Tecnis, il cda sull’interdittiva antimafia «Ampia collaborazione con la prefettura»

«Individuare il percorso più rapido ed efficace per garantire la continuità nell’attività di impresa e il rispetto degli accordi di ristrutturazione dei debiti, in corso di perfezionamento con i fornitori e il sistema bancario». Tecnis – l’azienda i cui fondatori Mimmo Costanzo e Concetto Bosco Lo Giudice sono finiti agli arresti domiciliari per il presunto coinvolgimento in un giro di tangenti e mazzette nei lavori pubblici dell’Anas – risponde con una nota dopo la notizia della sospensione della certificazione antimafia disposta dalla prefettura di Catania.

L’interdittiva, notificata lo scorso 12 novembre, si baserebbe su un’indagine della Dia etnea del 2014. Gli inquirenti hanno verificato subappalti e forniture di materiale e i possibili collegamenti con Cosa nostra. Le forze dell’ordine avevano effettuato alla fine di luglio 2014 alcune perquisizioni nei cantieri dell’interporto alla zona industriale e in quelli del raddoppio ferroviario nel capoluogo catanese.

«Il cda di Tecnis ha delegato immediatamente i suoi legali a rappresentare al prefetto di Catania la più ampia collaborazione», assicura l’azienda. Il consiglio d’amministrazione è stato riorganizzato dopo l’operazione Dama nera nella quale, oltre a Costanzo e Bosco Lo Giudice, sono stati coinvolti alti dirigenti dell’Anas. I due imprenditori ai domiciliari hanno lasciato il posto nel board ed è stata disposta la nomina dell’ex direttore nazionale della Direzione investigativa antimafia Tuccio Pappalardo come presidente dell’organismo di vigilanza. Per questo motivo, «avendo già avviato un processo di radicale riorganizzazione dell’azienda», la società «auspica che la momentanea difficoltà derivante dall’intervento prefettizio sia superata rapidamente, con la conferma della fiducia nel piano industriale dell’azienda». 

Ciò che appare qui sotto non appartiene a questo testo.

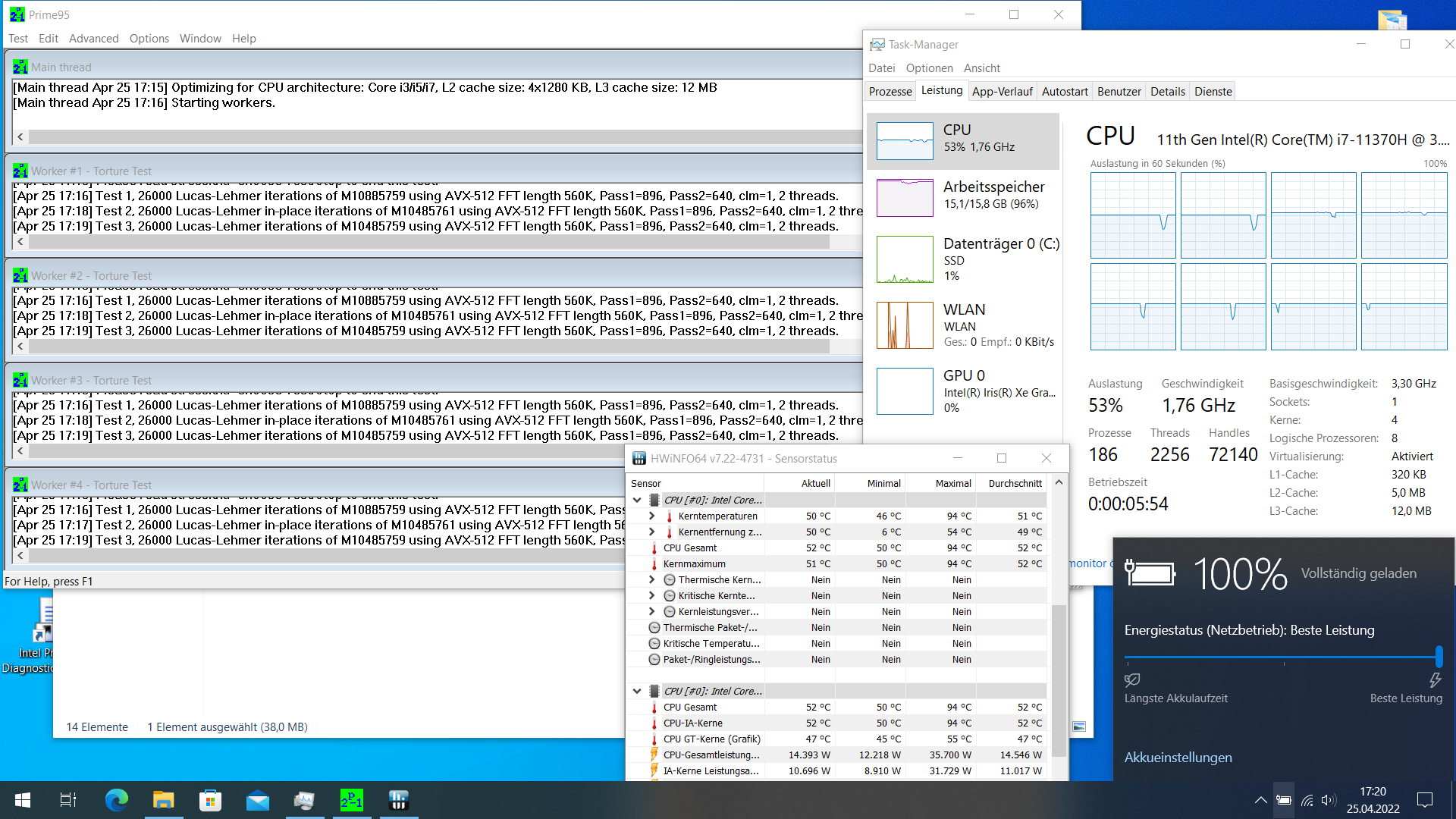 Egal mit welchem Programm, ausprobiert wurden Prime95, CPU-Z, Cinebench und Intel Processor Diagnostic.

Il provvedimento della prefettura di pochi giorni fa è «fondato su argomentazioni coperte da segreto di ufficio e quindi non divulgabili senza incorrere in sanzioni penali», sottolineano i referenti dell’impresa. E continuano: «La prefetta di Catania ha subito manifestato grande sensibilità, comunicando alle stazioni appaltanti l’intenzione di valutare l’applicazione delle misure di commissariamento delle imprese, previste dalla legge, per garantire la continuità di funzione e i servizi indifferibili per la collettività, nonché per salvaguardare i livelli occupazionali».